# 64 Tach Wiring Question



## Al T (Mar 15, 2010)

Hello all,

I was wondering if someone could tell me how to run the wires to the tach so I can test it under the hood before I install it.










Thanks in advance.

Al T.


----------



## Eric Animal (Oct 28, 2007)

Ground wire - neg coil - power wire the 2 holes get grey wires with metal sockets (lights) behind the dash.


----------



## Rukee (Feb 8, 2007)

According to my restoration book, which isn't very clear, they used two styles. The transistorized tach used two wires and the standard tach used one wire. I think the tach (-) goes to the one with the red collar, and if another wire is needed I'd try a neg ground wire connected to the left nut. Light sockets go into the holes on each side, unless that center post is a light inside, then the lights would connect to that. Hope this helps.


----------



## Al T (Mar 15, 2010)

Thanks, I'll try it this evening.

Al T.


----------



## Eric Animal (Oct 28, 2007)

Rukee said:


> According to my restoration book, which isn't very clear, they used two styles. The transistorized tach used two wires and the standard tach used one wire. I think the tach (-) goes to the one with the red collar, and if another wire is needed I'd try a neg ground wire connected to the left nut. Light sockets go into the holes on each side, unless that center post is a light inside, then the lights would connect to that. Hope this helps.


 "LEFT NUT" ?:rofl:...sorry couldn't resist.


----------



## Rukee (Feb 8, 2007)

Lol!:lol:


----------



## Eric Animal (Oct 28, 2007)

I lost that one in a bet.....many times!arty:


----------



## Al T (Mar 15, 2010)

*One more question.......*

Do I need an in-line fuse on the wire to the distributor? If so, what size?

Thanks in advance.

Al T.


----------



## Rukee (Feb 8, 2007)

No fuse, as far as I know anyway.


----------



## Al T (Mar 15, 2010)

The reason I ask is that I had posted this question on another site and received this response.

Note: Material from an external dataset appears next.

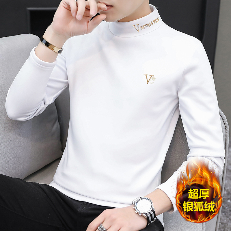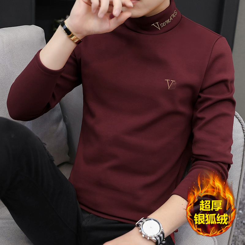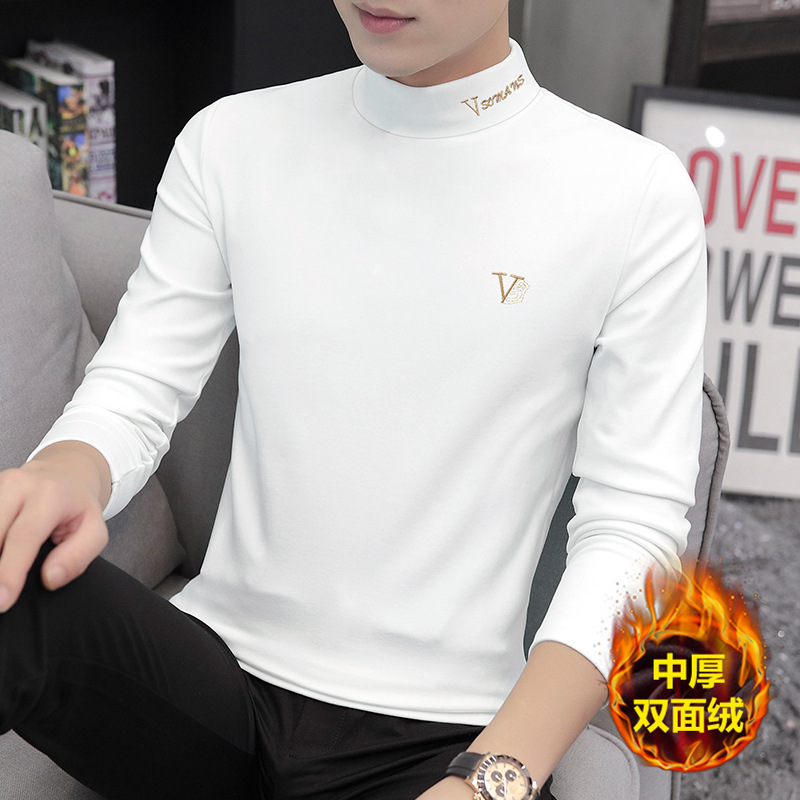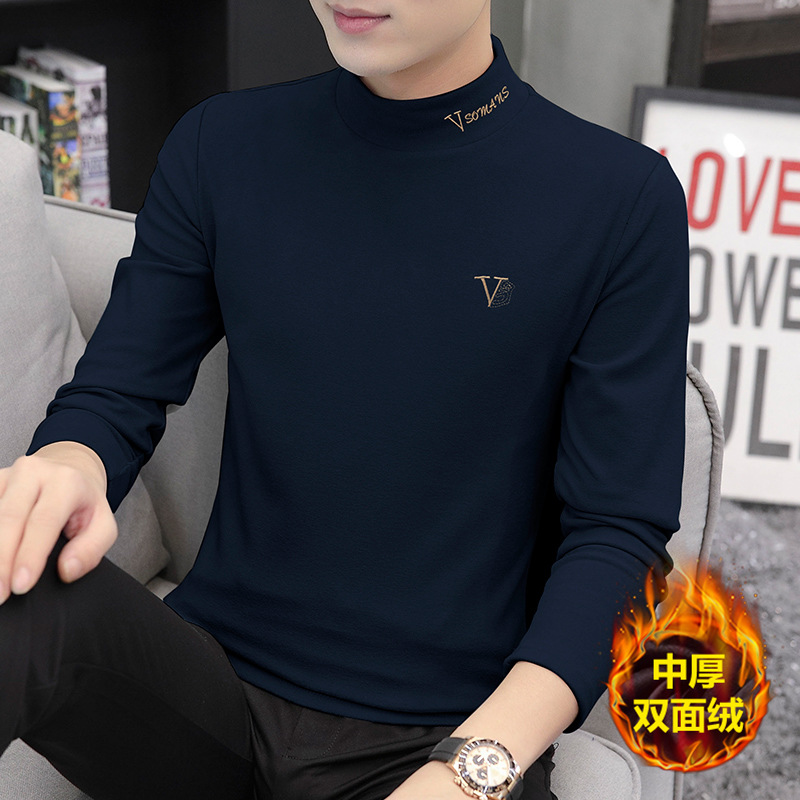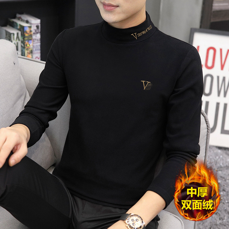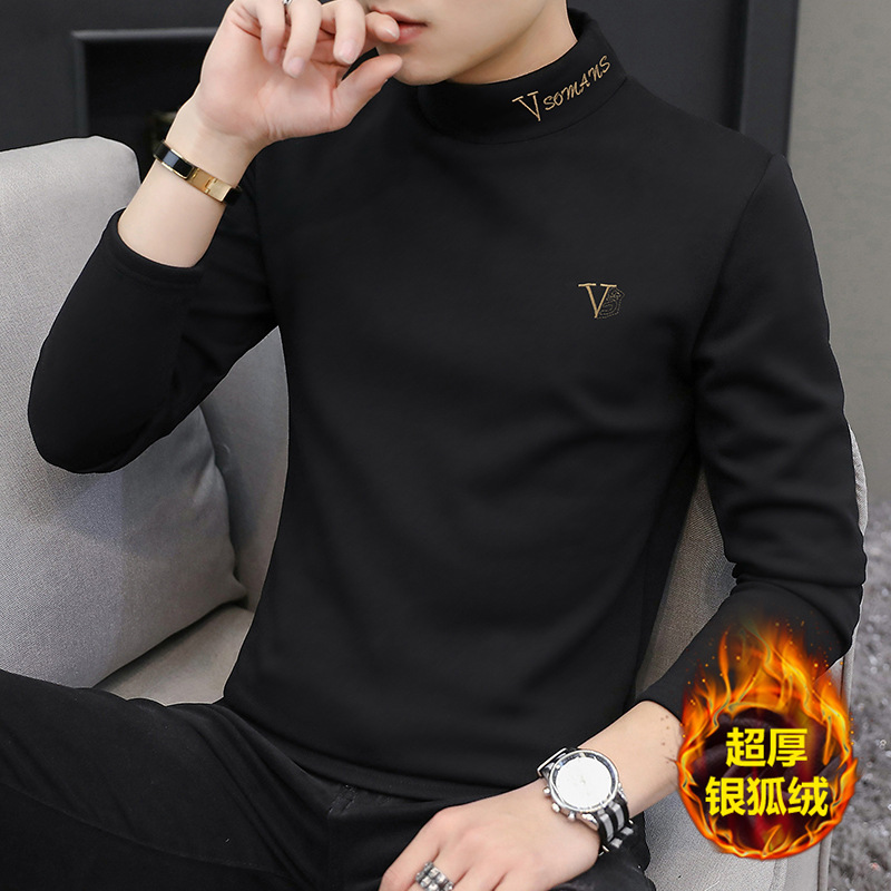 秋冬男士T恤修身保暖内搭半高领长袖秋衣服男加绒加厚打底衫中领

*The tach in your photo is original to a 1963 tempest or lemans not a 64 GTO. The single insulated threaded stud wires to the negative side of the coil thru a 3 amp in-line glass fuse. The exterior of the metal casing (housing) wires to body ground. This type of tach is designed to work on a GM car using the stock points ignition system only.*

Al T.


----------



## Rukee (Feb 8, 2007)

:cheers

Is it going to fit in your dash?


----------



## Al T (Mar 15, 2010)

Rukee said:


> :cheers
> 
> Is it going to fit in your dash?


The tach I installed was one I already had. 










The 63 will fit also, you just don't use the rear mouning boss.

Al T.


----------



## Rukee (Feb 8, 2007)

That looks sweet!
I got an old SUN stuffed into the clock hole, looks okay, but not as nice as yours. :cheers


----------